Léa Cunat, a senior analyst at Ampere, says Netflix has built an advantage over platforms that have yet to significantly invest outside of the US. “We’re seeing a growing appetite for local content across the globe, with original shows becoming incontestable tools for digital platforms to drive subscriptions,” Cunat says. “Netflix is now the leading SVoD [subscription video-on-demand] platform in France, and it has also been helped by limited competition.”

But, as Netflix’ very public clash with Cannes has shown, it has to play within an existing ecology of domestic rules and regulations. This is particularly true in France, a country with a rich cultural tradition it wants to protect. Although Netflix has created local content in other countries too, as Cunat points out, French content doesn’t necessarily have the same widespread appeal compared to English or Spanish-language content. So while this may not help the overall global strategy in terms of sharing content across borders, it does show a willingness to be actively involved in and support the film and TV landscape within a country.

Although Da 5 Bloods would have premiered at Cannes, as festival director Thierry Frémaux told Screen Daily, “out of competition, of course,” the fact the film would have been a part of this year’s festival line-up at all shows how Netflix’s standing in France has changed. Da 5 Bloods director, Lee, was meant to be the first black president of the competition jury this year, which may have been part of why the film would have debuted there. But beyond that, it could also have signaled a step forward for relations between Netflix and Cannes, in spite of neither entity budging on its stance around the theatrical window-release.

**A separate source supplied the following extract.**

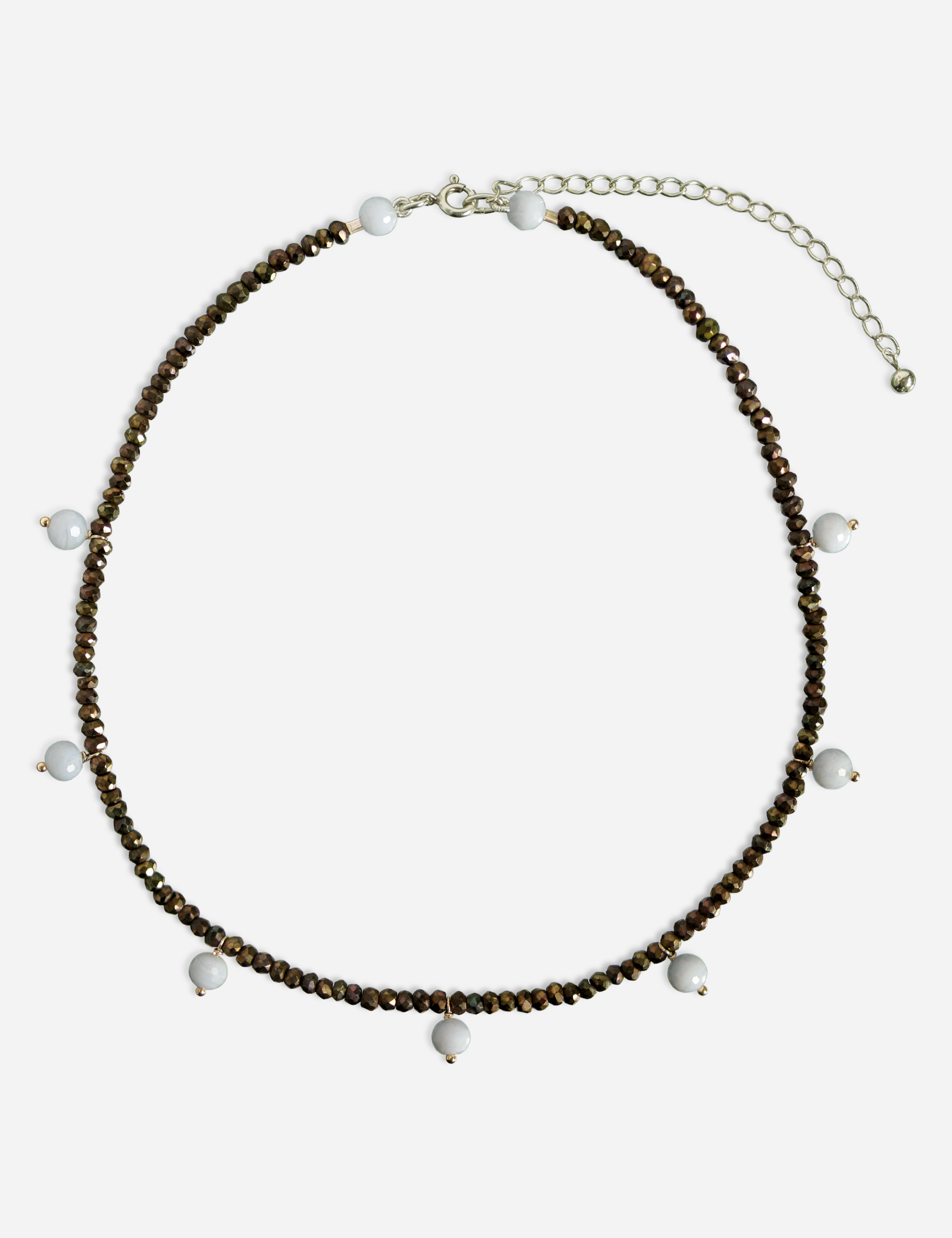 Collar montado en plata de ley con espinelas de color marrón facetadas y bolas azules de calcedonia facetada.

Ironically,  the pandemic could end up providing a solution, by shutting down French movie theaters. In March, as an exceptional measure, French regulators allowed the direct-to-consumer release of a limited number of movies on streaming platforms for the duration of the lockdown. The National Film Board’s Dominique Boutonnat, in a statement, emphasized this would be a temporary measure that should “in no way call into question the fundamental policy of media release.”

However analysts like Cunat and others believe the decision might prompt the rules to evolve. “This might pave the way to a reshuffle of windows in the future,” says Cunat. “If more studios release titles at premium prices on digital platforms, but not in cinemas, that would potentially allow Netflix to get access to titles sooner than under the current circumstances.”

With local TV groups now co-producing shows with Netflix and local sales agents signing deals with the streaming service, such as French production company Mk2’s pact last month to allow it to show 50 classic films from its library, Netflix is starting to be seen as a more amiable partner.

This can only boost its standing in Europe, says Cunat. France is “a key driver and shaper of wider EU policy, especially now, with the departure of the UK. If Netflix is able to ensure that it is favorably perceived by French politicians, it is more likely to have a bearing on EU-wide policy.”

That could impact the extent to which the streaming service has to follow long-entrenched regulations going forward, and perhaps cement its standing in the bloc before other streaming services gain ground.